Чужую историю хранят так себе. В этом же институте есть славянский отдел библиотеки, богатство вековое. Есть все выпуски любой типографии России с 1809 года. Впервые в руки взяли “Современник” Пушкина, и “Отечественные записки”, и “Инвалида”, и “Русскую старину”, и остальное. Многое еще не обработано, нет формуляров. Никто не спрашивает.

Денег выдали мало, будто в насмешку, хотя финский СП подкинул, все же сопли, это, может быть, к лучшему — больше глядели. Может быть, также хорошо, что переводчики были неважные, хоть и старались. Говорил немецким варварским, Валентин младофранцузским. Больше примечали сами. Порядок радовал, потом угнетал. Увидели у себя незасеянную землю — хоть ромашки вырастут. Также и дисциплина. Удивляло, что точны до тупости. Все время рассчитано. В радиоинтервью говорили об унификации мышления, о том, что головы — ЭВМ, все считают время и деньги.

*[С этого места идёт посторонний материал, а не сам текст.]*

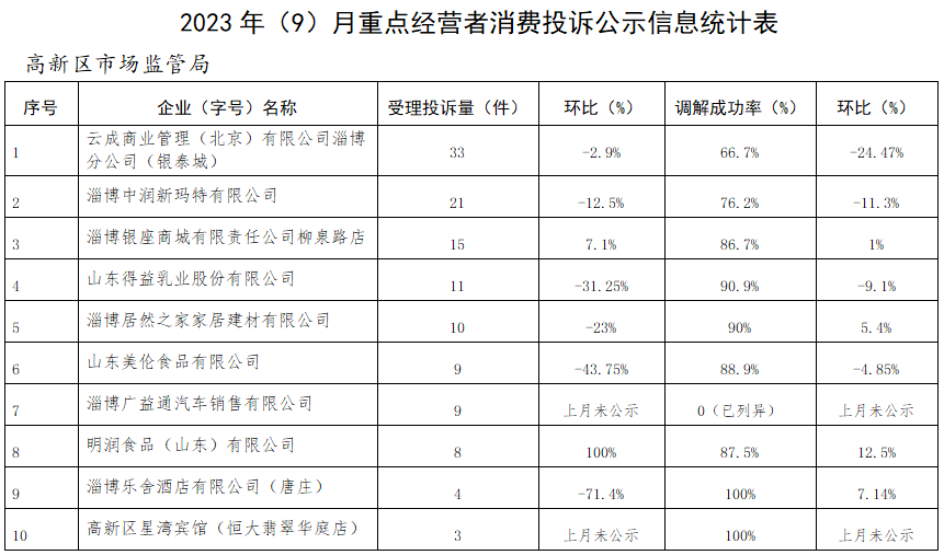 根据淄博市市场监管局、淄博市消保委《关于开展重点经营者消费投诉集中公示的通知》要求,现将2023年9月份高新区市场监管局受理的消费投诉情况进行公示。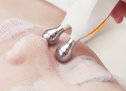 あたため・ほぐし・引き締めの3ステップで、引き締まったお顔⽴ちに。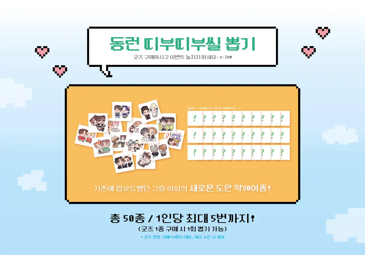 총 50종의 띠부띠부씰 뽑기를 진행합니다 !!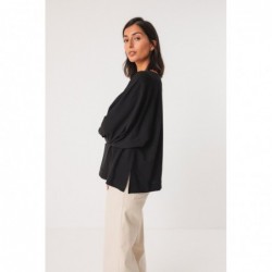 Camiseta folgada com gola redonda e mangas morcego. Detalhes plissados nos punhos e fendas laterais.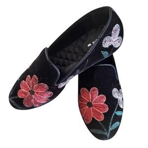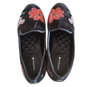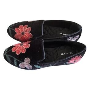 Birdies The Starling Floral Black Velvet Slip-On Loafer Flats – Size 6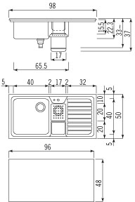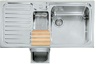 - Piano lavaggio multifunzione da incasso in acciaio inox a una vasca, una bacinella ed uno scivolo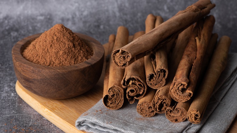 Cinnamon is an aromatic and powerful spice. One whiff of it will send anyone into warm sweaters, cool brisk days, and changing leaves. This is appropriate because cinnamon comes from a tree itself. The bark of the cinnamon tree is peeled and dried. As it dries, it forms cinnamon sticks that can be used on their own or crushed to make powder (via Healthline). Cinnamon was one of the first traded spices around the world. This isn't surprising, considering it can be used in savory or sweet dishes and has many health benefits.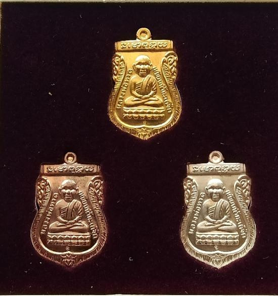 เหรียญหลวงปู่ทวด - หลวงปู่คำบุ รุ่นกันภัย เนื้อกระไหล่ ทอง ,เงิน , นาค วัดกุดชมพู จ.อุบล |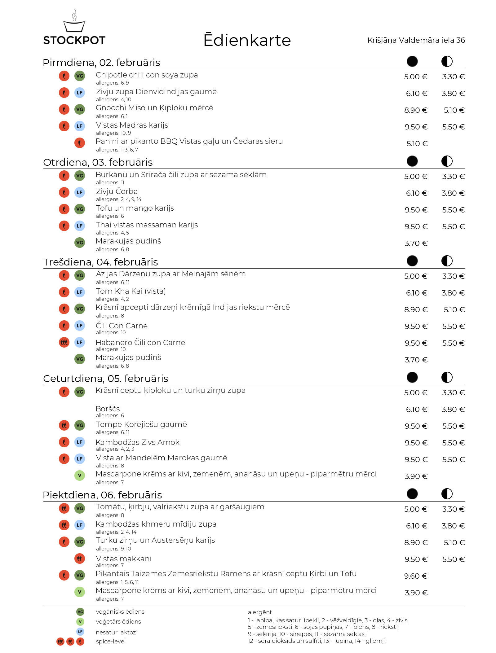 1 - labība, kas satur lipekli, 2 - vēžveidīgie, 3 - olas, 4 - zivis, 5 - zemesrieksti, 6 - sojas pupiņas, 7 - piens, 8 - rieksti, 9 - selerija, 10 - sinepes, 11 - sezama sēklas, 12 - sēra dioksīds un sulfīti, 13 - lupīna, 14 - gliemji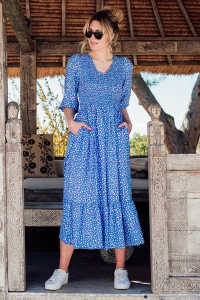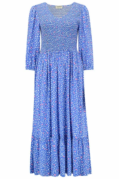 Sugarhill Brighton Magdalene Midi Shirred Dress Blue Animal Love Hearts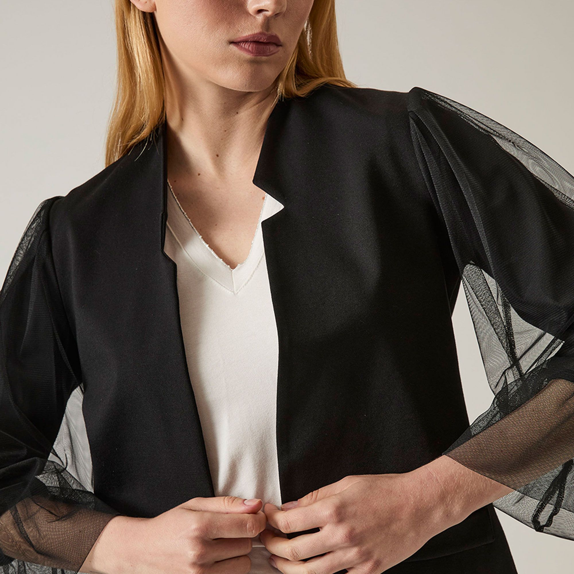 • maniche a sbuffo doppiate in tulle

Нечего от них ждать литературы, все они многостаночники, пишут, кажется, по расчету. Ни одного вопроса о том, что наболело, только о гонорарах. Наши тиражи кажутся им фантастическими. Писательница, жена капиталиста Вава Стурмер, пишет что угодно — детективы, стихи, руководство логопедам. Муж спрашивает о деньгах и пенсиях. Живут они лучше нас, наряднее, сытнее, но бездуховнее. Тут ничего нового нет. Завалены дерьмом боевиков и ужасов. Импотенты все через одного — и есть от чего, на блядей в журналах можно за полчаса наглядеться досыта. Кино тоже блядское, называется “секс-фильм”. Ходили даже в два, оба “с моралью”. Но валяются или сцепляются как угодно, в любых вариантах, все время. Вначале оглушает, возбуждает, потом отупляет, даже противно. Зрители. Жуют. Старичок радостно хихикает.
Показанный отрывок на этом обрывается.